Dokter Bram hampir menangis.
"Saya... saya benar-benar tidak tahu harus berbuat apa!"
"Dia punya penyakit jantung!"
"Dan sekarang kondisinya tiba-tiba kambuh!"
"Saya tidak tahu cara menanganinya!"
Mendengar itu, nenek tersebut langsung marah.
Matanya membelalak.
"Jadi Anda ini dokter gadungan!"
"Tadi anak muda itu sudah memperingatkan Anda!"
"Dia bilang tangannya tidak boleh dilepaskan!"
"Tapi Anda keras kepala!"
"Sekarang lihat akibatnya!"
Biasanya Dokter Bram pasti sudah meledak karena dimarahi seperti itu.
Namun saat ini ia tidak punya waktu untuk marah.
Karena sebuah pemikiran tiba-tiba muncul di benaknya.
Matanya langsung berbinar.
Ia berbalik dan melihat Kevin yang hampir keluar dari ruang gawat darurat.
Tanpa ragu sedikit pun, ia berlari mengejarnya.
Lalu menarik lengan Kevin.
Dengan wajah penuh permohonan, ia berkata,
"Adik..."
"Tolong selamatkan dia!"
"Saya salah!"
"Saya benar-benar salah!"
"Saya tidak tahu kalau kemampuanmu sehebat itu!"
"Asalkan kau bisa menyelamatkan Nona Misela, aku akan melakukan apa pun yang kau minta!"
Kevin menatapnya tanpa ekspresi.
"Lepaskan."
"Aku tidak tertarik."
"Kalau dia mati, apa hubungannya denganku?"
"Dan sebelum aku benar-benar marah, lepaskan tanganmu."
Mendengar jawaban itu, Dokter Bram semakin panik.
Ia tidak melepaskan tangan Kevin.
Sebaliknya, di depan semua orang yang tercengang.....
Plak!
Ia menampar wajahnya sendiri.
Lalu...
Bruk!
Berlutut di depan Kevin!
Semua orang langsung membelalakkan mata.
Dokter kepala ruang gawat darurat...
Berlutut?!
Dokter Bram terus menampar dirinya sendiri.
"Plak!"
"Plak!"
"Plak!"
"Saya salah!"
"Saya terlalu sombong!"
"Saya memandang rendah Anda!"
"Saya tidak seharusnya meragukan kemampuan Anda!"
"Tolong selamatkan dia!"
"Saya mohon!"
Penyesalan memenuhi hatinya.
Baru sekarang ia sadar betapa bodohnya dirinya.
Kevin hanya menempelkan satu jari, tetapi mampu menstabilkan kondisi Misela.

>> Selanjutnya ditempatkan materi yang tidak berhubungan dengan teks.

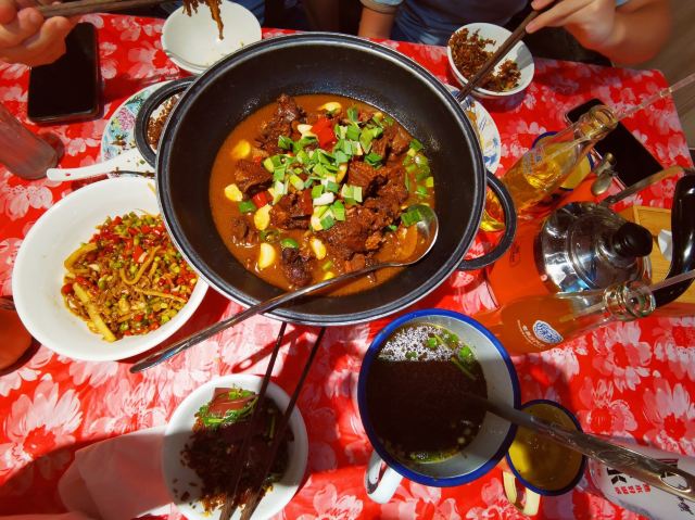 位置在炊烟时代小炒黄牛肉的旁边,可能是疫情原因,人不是很多。点了麻油猪血汤,啤酒鸭,猪油炒饭,酸萝卜炒牛百叶,汽水每人免费一瓶,体会一把八十年代的味道。整体来说,菜口味比较清淡,不是很符合湘菜的特点,不过外地人可能更适合些。

Orang seperti itu jelas bukan orang biasa.
Namun ia justru menghina dan mengusirnya.
Bukankah itu sama saja menggali kuburnya sendiri?
Melihat Kevin masih tidak bereaksi, Dokter Bram mulai putus asa.

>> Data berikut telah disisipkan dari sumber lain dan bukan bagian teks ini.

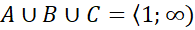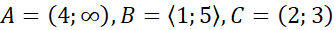 Naszkicuj przedziały zbiorów A, B i C. Odczytaj z nich podane relacje między zbiorami. Suma zbiorów oznacza, że sumujemy wszystkie wyrazy z dwóch zbiorów i zapisujemy w formie jednego. Część wspólna oznacza, że z obu zbiorów musimy wybrać jedynie te wyrazy, które się pokrywają w dwóch analizowanych zbiorach.

Jika Misela Wijaya meninggal...
Hidupnya selesai.
Kalaupun masih hidup, masa depannya akan hancur.
Tatapannya menjadi kosong.
Seolah jiwanya telah meninggalkan tubuh.
Melihat keadaan itu, sang nenek akhirnya berbicara kepada Kevin dengan lembut.
"Anak muda..."
"Dokter ini memang dokter bodoh."
"Mulutnya juga menyebalkan."
"Tapi gadis itu tidak bersalah."
"Masa kita tega membiarkannya mati?"
Kevin terdiam beberapa saat.
Lalu mengangguk pelan.
Ia menghela napas panjang.
"Nenek benar."
"Gadis itu memang tidak bersalah."
"Aku juga tidak mungkin membiarkannya mati."
"Tapi..."
Kevin melirik Dokter Bram yang masih berlutut di lantai.
Sudut bibirnya sedikit terangkat.
"Ada beberapa orang yang memang perlu diberi pelajaran dulu sebelum sadar bahwa langit itu tinggi dan bumi itu luas."